MAC/20: Mines and Communities

Mining Investments Coming Only In Trickles

Published by MAC on 2007-05-15
Source: PCCI

Mining investments coming only in trickles

Only a few mines have started actual operations - PCCI


15th May 2007

BAGUIO CITY - Mining investments in the country have been coming only in trickles since the passage of the controversial Mining Act of 1994 that was initially thought to make a difference in reducing mass poverty in rural communities.

This was disclosed in a study commissioned by the Philippine Chamber of Commerce and Industry (PCCI) to determine the readiness of the country's mining industry in absorbing trade liberalization.

The report concluded that the "ghost of irresponsible mining" continues to haunt one of the most competitive segments of the economy, citing man-made tragedies caused by negligent operators, like Marcopper, whose solid and liquid wastes wreaked havoc in the communities that hosted them.

The Philippine Export News and Features stated the gold curse seem to have haunted the country since the most of the people remained dirt poor even when the mining boom was at its height in the 1980s when gold hit an all-time high price of 0 [sic] per ounce.

The PNF noted that the study stated that the country remains one of the richest in the world not only with precious metal reserves like gold, silver, nickel and copper but also with non-metallic raw materials such as silica for glass manufacturing and limestone for cement making.

However, only a few gold, copper and nickel mines have started actual mining operations since the collapse of the industries when all companies, except Philex and Lepanto mines, closed shop.

The study also stated that locally produced cement is costlier in the country than anywhere in the Asian region due to a cartel that fixes high prices while only some glass factories are in place. These include Asahi Glass, a subsidiary of San Miguel Corp.

The study stated that if fully tapped, mining should make the difference in the country's poverty reduction program in the rural communities by generating tens of thousands of jobs and by boosting downstream industries such as fine jewellery trade.

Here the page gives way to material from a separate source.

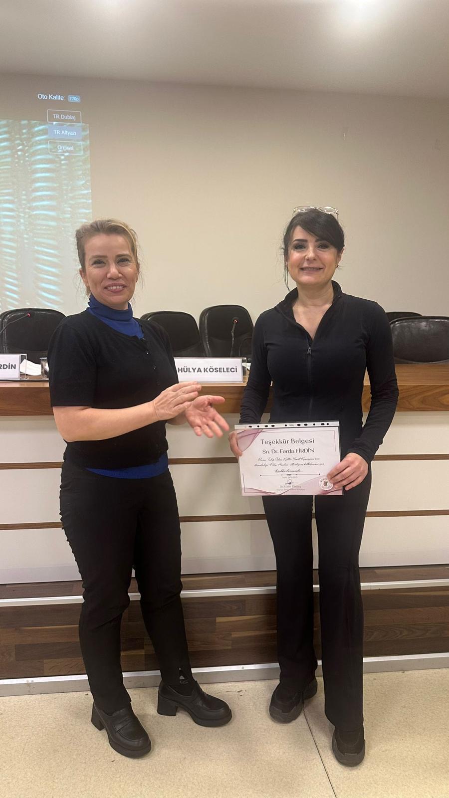 Etkinlik sonunda, Bursa Tabip Odası Yönetim Kurulu Üyesi Dr. Deniz Alpan, Hülya Köseleci ve Dr. Ferda Firdin’e teşekkür belgelerini takdim etti.

It was claimed that the problem does not lie with the policy on environment because the country's mining laws are considered superior to those of the United States and Canada in environment safety nets and ensuring social responsibility.

The new mining law requires mining companies nationwide to segregate a portion of their capital for the so-called social development programs in the communities where they operate. With this proviso, displaced residents and other beneficiaries have the chance to have their own sources of livelihood while improving vital infrastructures to link them with other parts of the region.